Source: Deep Learning and Large Models LLM


This article is approximately 3500 words long and is recommended for a 9-minute read. 
This article delves into the development of Retrieval-Augmented Generation (RAG), from basic concepts to the latest technologies.

All subfields of LLM + ACL25/ICML25/NAACL25 submission groups -> Enter from here for all subfields and submission groups of LLM!

15 Typical RAG Frameworks: Latest RAG Overview from Carnegie Mellon University

A Comprehensive Survey of Retrieval-Augmented Generation (RAG): Evolution, Current Landscape and Future Directions

This article delves into the development of Retrieval-Augmented Generation (RAG), from basic concepts to the latest technologies. RAG effectively improves output accuracy by combining retrieval and generation models, overcoming the limitations of LLMs. The research provides a detailed analysis of RAG’s architecture, illustrating how retrieval and generation collaboratively handle knowledge-intensive tasks. Furthermore, this article reviews key technological advancements of RAG in fields such as question answering and summarization, and discusses new methods to enhance retrieval efficiency. Additionally, the article highlights challenges in scalability, bias, and ethics within RAG and proposes future research directions to enhance model robustness, expand application scope, and address social impacts. This survey aims to provide a foundational guide for researchers and practitioners in the NLP field to better understand the potential and development path of RAG.
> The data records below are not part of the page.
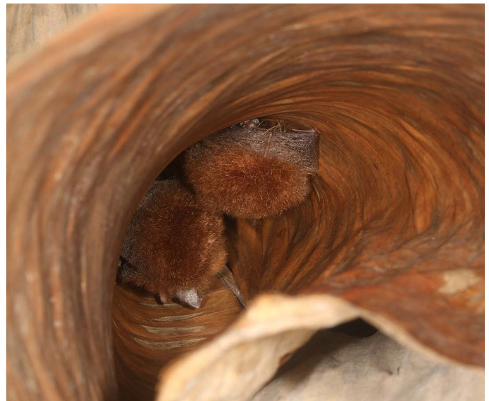
Figure 3. Two Thyroptera discifera roosting in a portion of a dead banana leaf. There had been additional bats in that cone earlier in the evening, but they had already exited. Photograph taken near La Paloma Lodge Drake Bay, Costa Rica on 20 February 2021.

It stayed there for one day. The main conical roost was lopsided with length 50 cm on one side and 40 cm on the other (Figure 3). Height from ground to entrance was 169 cm with roost opening 20 cm wide. The cone that was occupied for one day by a single bat and that was beneath the other cone was of about the same dimensions. Although the bats were not handled, the number occupying the roost varied from only 2 to 5 some days to perhaps 10 or more on others.
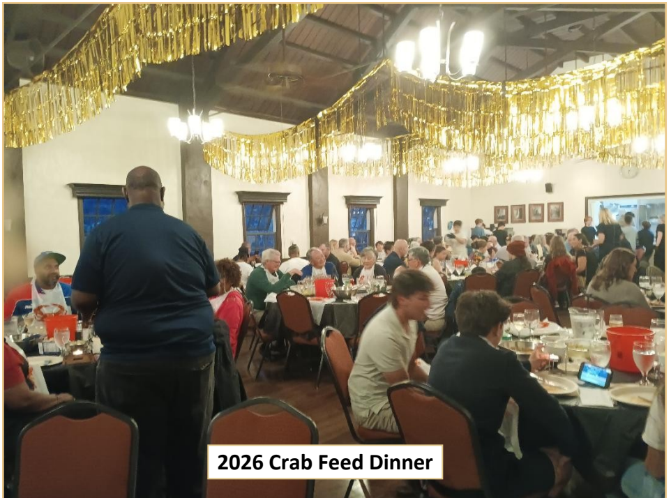
2026 Crab Feed Dinner
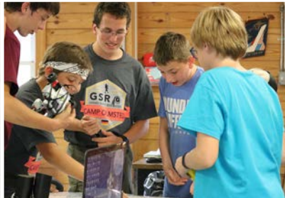
Quick Camp Facts Dining Method Dining Hall
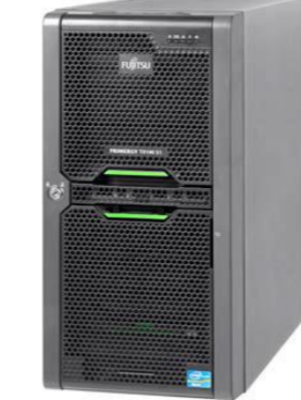
PRIMERGY TX140 S1p
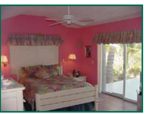
Master Bedroom with Queen bed
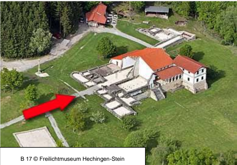
B 17
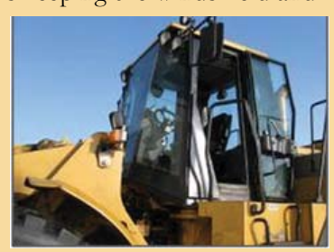
Basic loader wipers free of snow and ice buildup. Previously the operators

In the cold, snowy climate of Alaska the use of the snow loaders is a common sight. One of the biggest problems is keeping the windshield and
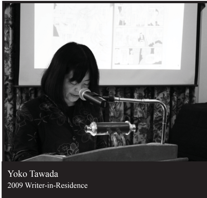
Yoko Tawada 2009 Writer-in-Residence

the basic structure of the language’s syntax. He further asked whether the “ideography serves to order and classify the confusing Japanese syntax” and to illustrate that it is impossible to define what is Japanese without “foreignness.” Sakai then returned to Tawada’s example of the gate trope in order to clarify his idea of the indeterminacy of national languages, that “it is impossible to find unity of language just in words; you have to look at syntax” and that the “belonging of a word to a specific language has to be found in upper levels of syntax.” He emphasized that the unity of national language is “fabricated while still remaining part and parcel of cultural contexts.” It cannot be an “empirical unity” and this has “implications for other categories such as translation.” (Grace Gemmell)

https://arxiv.org/abs/2410.12837

1. Introduction

1.1 Overview of Retrieval-Augmented Generation (RAG)

Latest Overview of RAG: 15 Classic RAG Frameworks (Part 1)

RAG (Retrieval-Augmented Generation) integrates two core components:

– (i) The retrieval module, which is responsible for retrieving relevant documents or information from external knowledge bases, utilizing dense vector representations to identify relevant documents from large datasets, such as Wikipedia or private databases.

– (ii) The generation module, which processes this information to produce human-like text. The retrieved documents are then sent to the generation module, which is typically built on a transformer architecture.

RAG helps to reduce the phenomenon of “hallucination” in generated content, ensuring that the text is more factual and contextually appropriate. RAG has been widely applied in various fields, including:

Open-domain question answering
Conversational agents
Personalized recommendations.

1.2 New Systems of Hybrid Retrieval and Generation

Before the advent of RAG, natural language processing (NLP) primarily relied on either retrieval or generation methods.

Retrieval-based systems: For example, traditional information retrieval engines that efficiently provide relevant documents or snippets based on queries but cannot synthesize new information or present results in a coherent narrative form.
Generation-based systems: With the rise of transformer architectures, pure generation models have gained popularity for their fluency and creativity, yet often fall short in factual accuracy.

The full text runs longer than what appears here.